◆ Data section
————

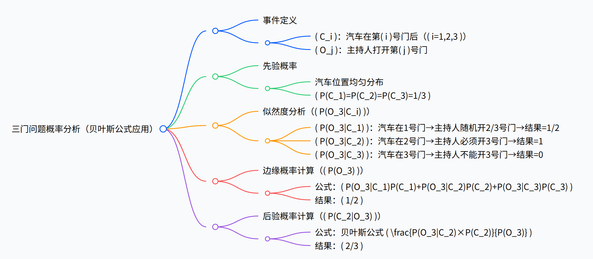 最终结论:换门后赢得汽车的概率为2/3。这一案例充分证明,贝叶斯定理是大模型解决复杂概率推理问题的核心理论支撑——大模型通过模拟人类的贝叶斯推理过程,能够精准处理具有不确定性的逻辑问题。
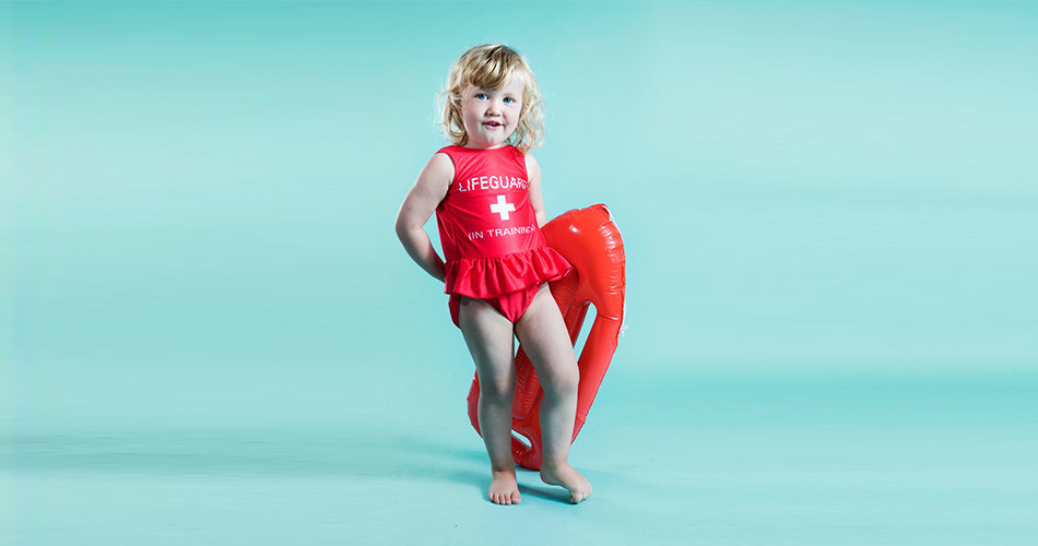Perfect swimsuit for Tiny beach lovers. Lifeguard print on chest.
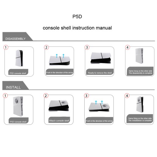 Łatwa instalacja: pod niezabezpieczonym rogiem ochronnym, który znajduje się logo PS5 Slim, i zwolniony okrągłą klamrę. PS5 Slim Pchnij pokrywę w dół w części głównej konsoli, a pokrywa się zsunie. Dopasuj podstawową pokrywę do otworu w płycie głównej, wciśnij ją do góry konsoli, a klamra będzie mogła zostać dokończyć mocowanie.
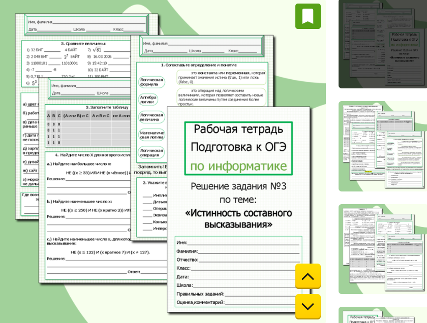 Рабочая тетрадь с обложкой подготовка к решению заданий номер 3 в ОГЭ ГИА по информатике, по теме: «Истинность составного высказывания». 6 заданий + ответы и рефлексия. 5,6,7,8,9,10,11 класс. Подготовка к экзаменам. Подойдёт и для урока во время изучении темы «Истинность составного высказывания».
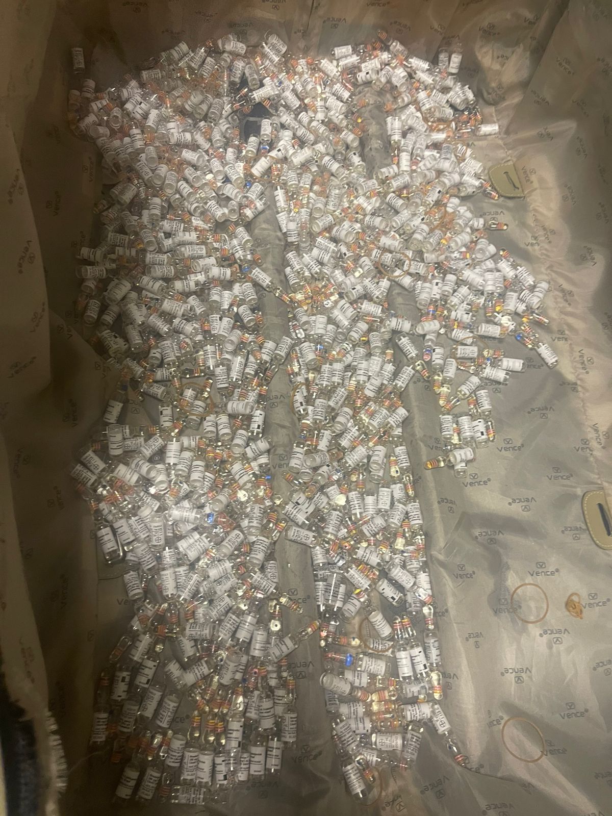 حيث تم ضبط ١٤ خزان زجاجي بداخلهم مادة THC المخدرة و٣ سجائر الكترونية تحتوي على نفس المادة المخدرة و٢ كيس حلويات بهم نفس المخدر وكيس بداخله "ماشروم" معجون بالمخدر و٥ أكياس بداخلهم كبسولات مخدرة بعدد ٢٠٣ كبسولة وزجاجة بداخلها زيت القنب المخدر.
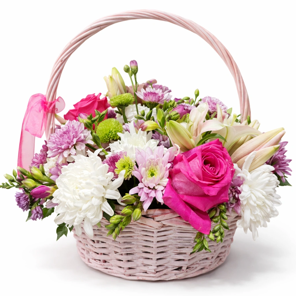 This elegant Mother’s Day basket features a beautiful mix of pink roses, white lilies, chrysanthemums, and soft filler flowers. The arrangement creates a gentle and loving aesthetic, perfect for expressing appreciation. The woven basket and pastel tones enhance its charm, making it suitable for both gifting and decor. Ideal for brightening living rooms or bedside tables, this arrangement brings freshness and warmth. Its balanced combination of blooms offers a classic yet graceful floral experience.
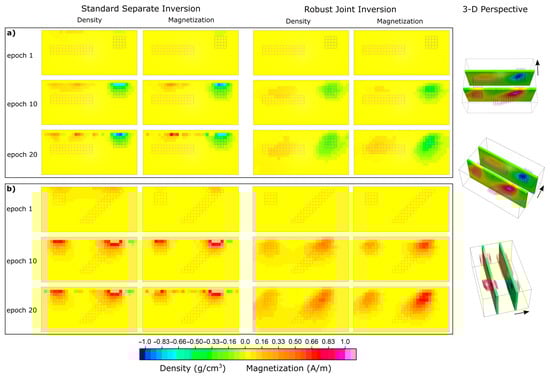 The results of the experiment at epochs 1, 10, and 20 are plotted in Figure 9 with a general color scale ranging from −1 to 1 g/cm3 and A/m for the gravimetric and magnetic case, respectively. Figure 10 also plots the model convergence of each iteration in percentage, which represents how much a model changes with respect to the past iteration and the RMS error of normalized residuals that reflects the mismatch between the input synthetic data and the data calculated from the inversion models of each iteration.
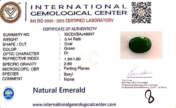 A vibrant Natural Emerald weighing 3.44 Ratti (3.10carats), crafted in an elegant Oval Cut, exhibiting a lovely green hue with translucent clarity. This gemstone has undergone moderate clarity enhancement (F2) with oil, as verified by a Govt. Lab Certificate (Report No. IGCDKBAJ48997)
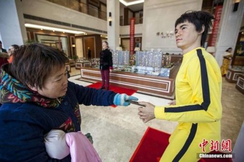 近日,第一届“国际名人蜡像展”在河南驻马店市展出,包括范冰冰、李小龙、刘德华、林志玲等人在内,许多演艺明星的蜡像都被摆出来让人观赏。
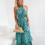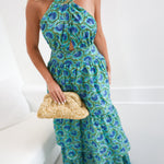 Dorothy Criss Cross Halter Neck Maxi Dress - Blue/Green
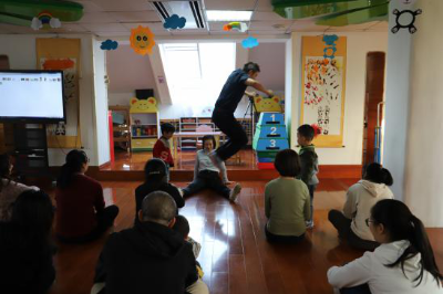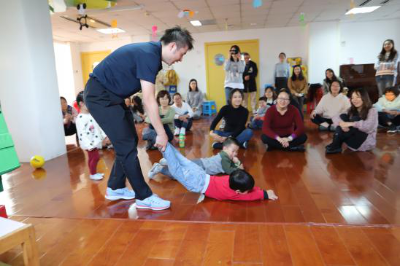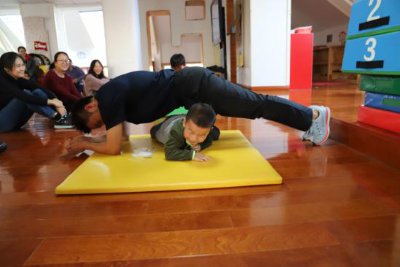 現(xiàn)場,潘教練示范了幾組不需要特定道具和場地,父母就可以在家中同時與寶寶開展的體育活動。潘教練表明,父母自己其實就是一個大玩具,可以通過不斷調整動作和身體的高度,讓小朋友實現(xiàn)訓練腿部力量、手部力量以及身體平衡、手眼協(xié)調、摔倒后的應對方式等能力。
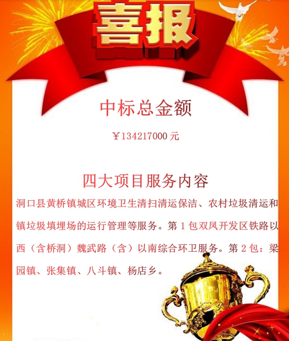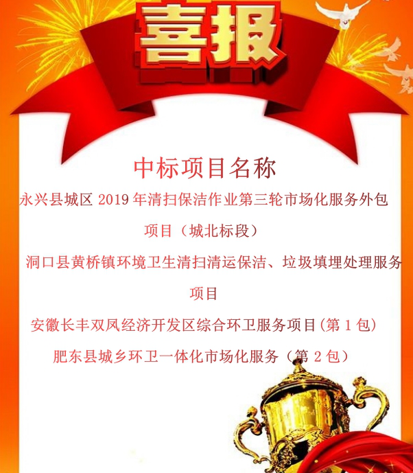 八月份,龍吉順公司迎來“大四喜”。成功中標(biāo)永興縣城區(qū)2019年清掃保潔作業(yè)第三輪市場化服務(wù)外包項目(城北標(biāo)段)、洞口縣黃橋鎮(zhèn)環(huán)境衛(wèi)生清掃清運保潔、垃圾填埋處理服務(wù)項目、安徽長豐雙鳳經(jīng)濟開發(fā)區(qū)綜合環(huán)衛(wèi)服務(wù)項目(第1包)、肥東縣城鄉(xiāng)環(huán)衛(wèi)一體化市場化服務(wù)(第2包)項目,公司又一次實現(xiàn)了質(zhì)的飛躍。
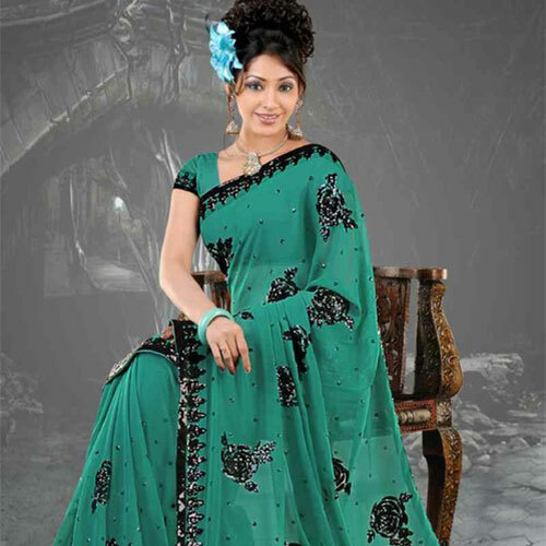 Sari Fabric is the traditional dress of women in India. It is an outer garment worn by a woman consisting of a single length of cotton or silk, 5 to 7 yards long, most often with one end wrapped around the waist to form a skirt, the other draped over the shoulder, or head. It is worn over a short, tight top (called Choli or Blouse) with short arms and a thin underskirt of plain cotton (Petticoat).
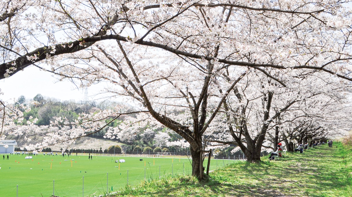 良く晴れた3月29日、FC町田ゼルビア三輪緑山ベースには、今季絶好調の選手らの姿と満開のサクラを堪能する観客たちの姿が見られた。
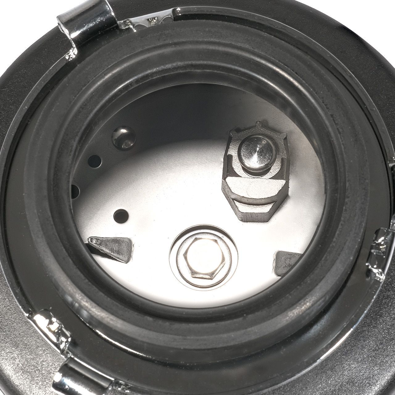 Камера измельчения. Терка по кругу камеры измельчения изготовлена из нержавеющей стали. Материал камеры измельчения выполнен из прочного композитного материала. Измельчитель имеет три ступени дробления, способен дробить кости. Попадая в измельчительную камеру, пищевые отходы разбиваются на более мелкие фрагменты, перетираются в водянистую кашу, которая легко и безопасно смывается в канализацию.
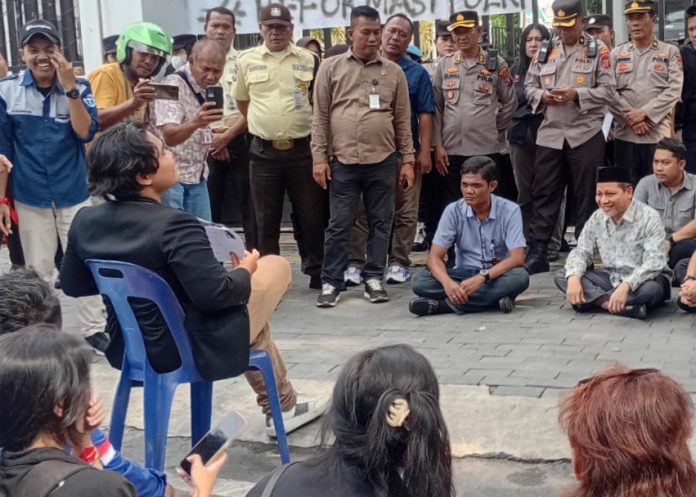 Aksi unjuk rasa Gerakan Mahasiswa Kristen Indonesia (GMKI) Cabang Medan berlangsung di depan kantor DPRD Kota Medan, Selasa (02/09/2025). Aksi tersebut disambut langsung oleh Wakil Ketua DPRD Medan, H. Rajuddin Sagala, didampingi staf DPRD, Martin Gurning.
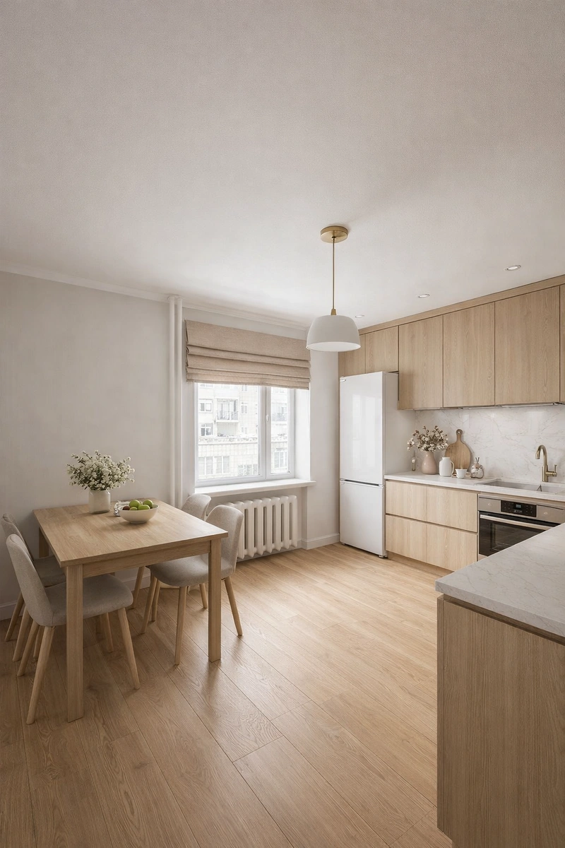 Дизайн кухни в стиле Сканди — фото интерьера от нейросети RoomGPT
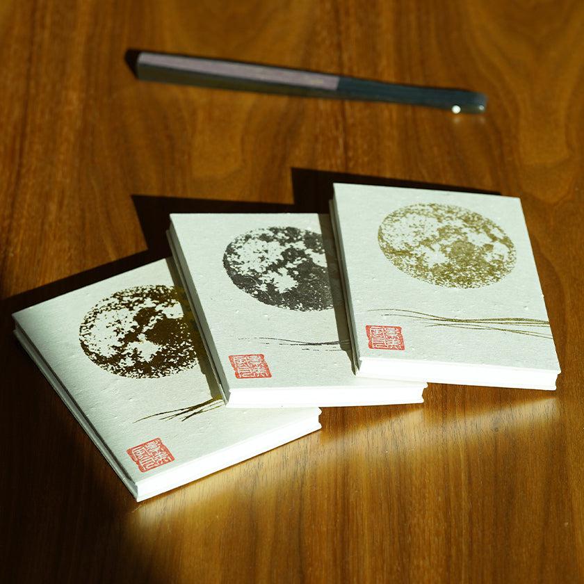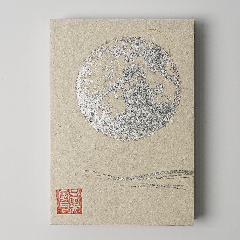 手漉き和紙に、版木に刷られた紋様を手刷りする、からかみの技法を用いて満月を刷りました。
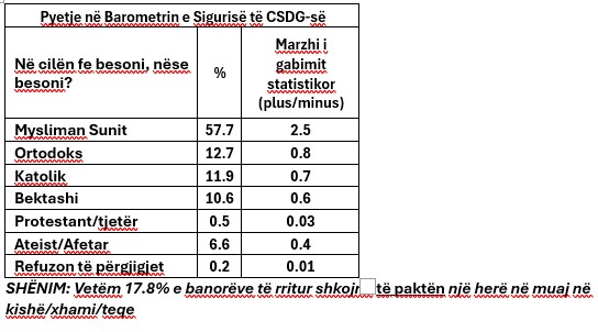 Në Barometrin e Sigurisë të CSDG-së (që u bazua në vrojtimin rigoroz statistikor që drejtova unë në gjithë territorin e Shqipërisë në periudhën 6-15 prill), kishte edhe një pyetje rreth besimit fetar, konkretisht “Në cilën fe besoni, nëse besoni?”. Dhe kësaj pyetje vetëm 0.2% e të anketuarve preferuan të mos i përgjigjen. Kështu që ky barometër na jep një tablo të plotë statistikore për besimet fetare të popullsisë së rritur të vendit.
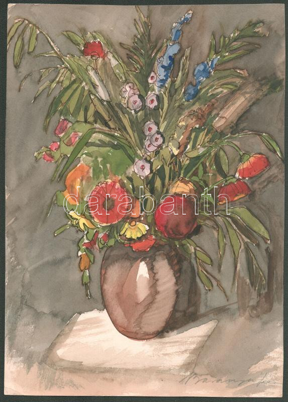 Leírás: Baranyai Ferenc (?-): Csendélet. Akvarell, papír, jelzett, 30x21 cm

————

Starting with the first line of the data above, write out each line exactly up to and including the line that holds "Perfect swimsuit for". Pictures stay out.

 最终结论:换门后赢得汽车的概率为2/3。这一案例充分证明,贝叶斯定理是大模型解决复杂概率推理问题的核心理论支撑——大模型通过模拟人类的贝叶斯推理过程,能够精准处理具有不确定性的逻辑问题。
Perfect swimsuit for Tiny beach lovers. Lifeguard print on chest.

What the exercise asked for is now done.